I think that's the best you can do in standard Haskell.
> I'd prefer to stay away from
> compiler-specific features, but if something like existential types is
> just what I need, I guess I can bite the bullet.
Existential types are indeed designed for exactly this kind of circumstance.
However, existential types do not remove the need to call a function such as
`mkShape' to convert every element of the list into a single common type.
They just allow you to avoid converting your type-class `Shape' into a record.
Here's what it would look like with existential types.
-- class Shape is unchanged from your original example
class Shape a where
extent :: a -> Point
...
-- here we define an existential type that can hold any type of shape
data AnyShape = Shape a => mkAnyShape a
-- here we make the type AnyShape an instance of the class Shape,
-- by just unwrapping the `mkAnyShape' constructor and forwarding
-- the method calls
instance Shape AnyShape where
extent (mkAnyShape a) = extent a
...
-- the code for biggest is unchanged from your original example
biggest :: [AnyShape] -> Point
biggest listOfShapes = ...
If you want you can delete all the occurrences of `Any' above,
overloading `Shape' as both a type name and a class name.
Note that the `data' and `instance' definitions in this example are
boiler-plate code.
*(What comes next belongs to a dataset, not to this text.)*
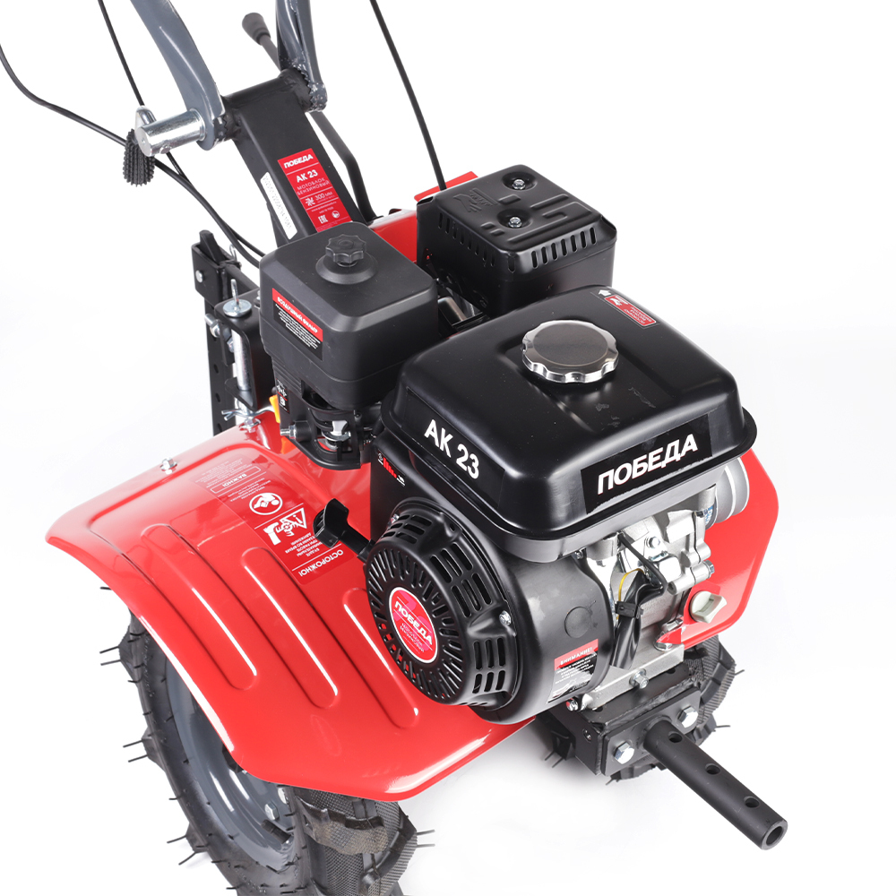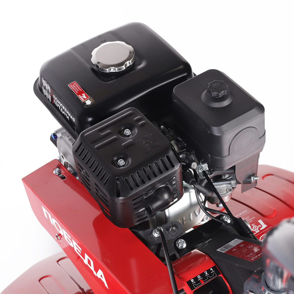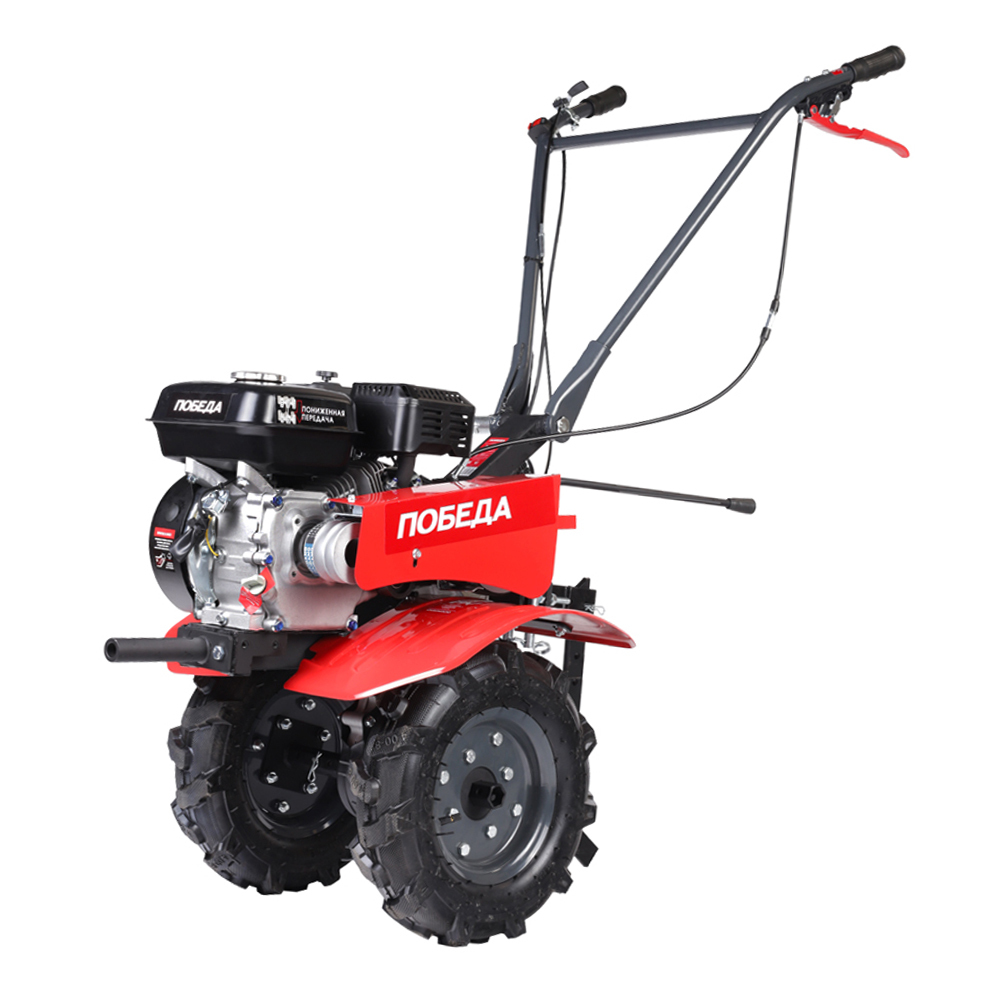 Универсальный мотоблок Победа предназначен для выполнения различных работ по рыхления и культивации почвы на приусадебных участках. Мотоблок оснащен мощным 4-х тактным бензиновым двигателем и надежной многоступенчатой трансмиссией - шестеренчато-цепным редуктором в алюминиевом корпусе. Установка различного навесного оборудования значительно расширяет применение мотоблока от уборки снега и листвы, обработки почвы до перевозки грузов. Большие пневматические колеса гарантируют отличную проходимость.
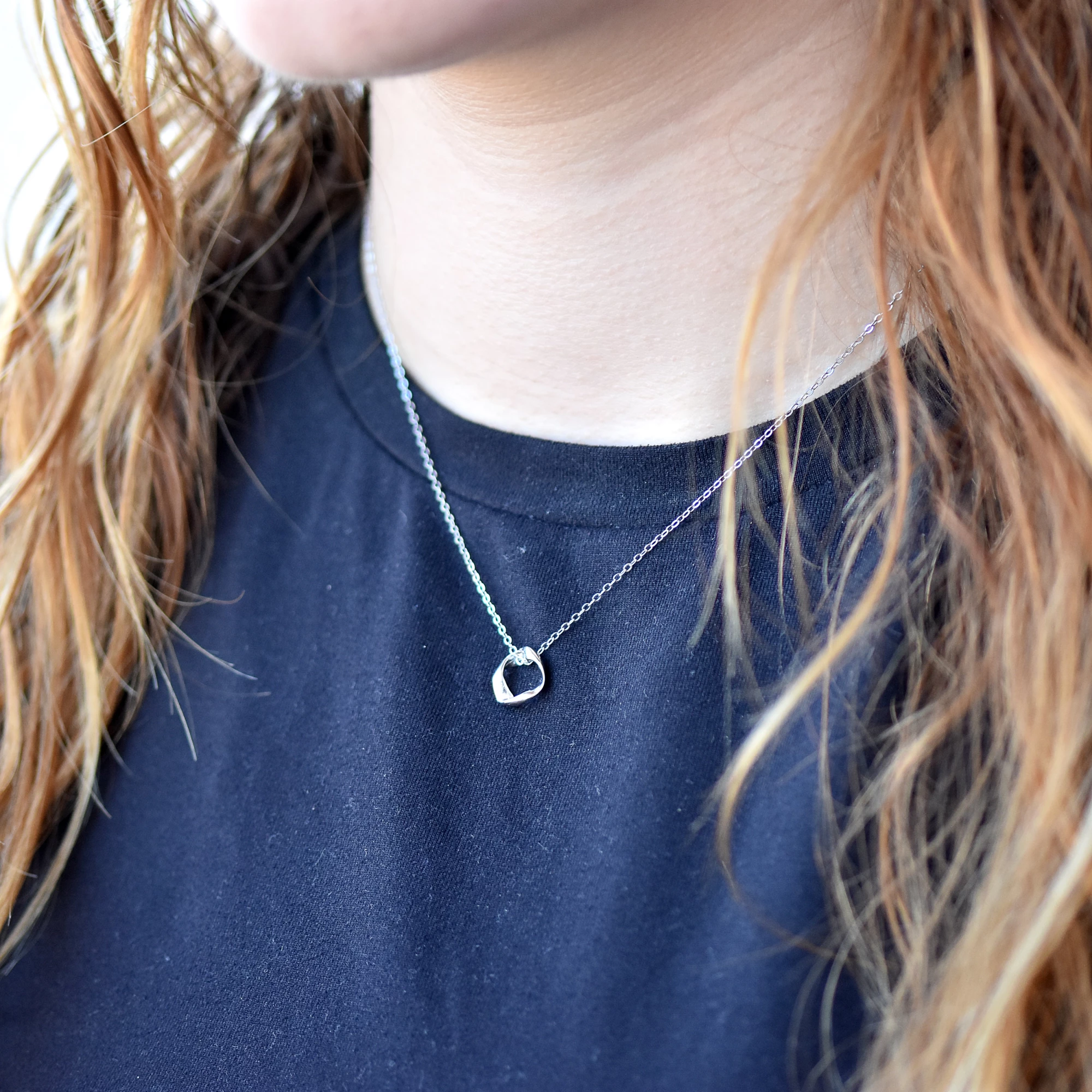 Stříbrný náhrdelník s půvabným motivem zvlněného kroužku je zárukou elegance. Decentní a jednoduchý šperk využijete při každodenním nošení. Krásně jej zkombinujete s dalšími stříbrnými šperky z naší nabídky.

I've previously suggested here that for single-parameter
type classes the compiler could generate such definitions automatically.
However, this suggestion did not meet with universal acceptance;
none of the current implementations of existential type classes
do anything along those lines.
--
Fergus Henderson <[EMAIL PROTECTED]> | "I have always known that the pursuit
WWW: | of excellence is a lethal habit"
PGP: finger [EMAIL PROTECTED]| -- the last words of T. S. Garp.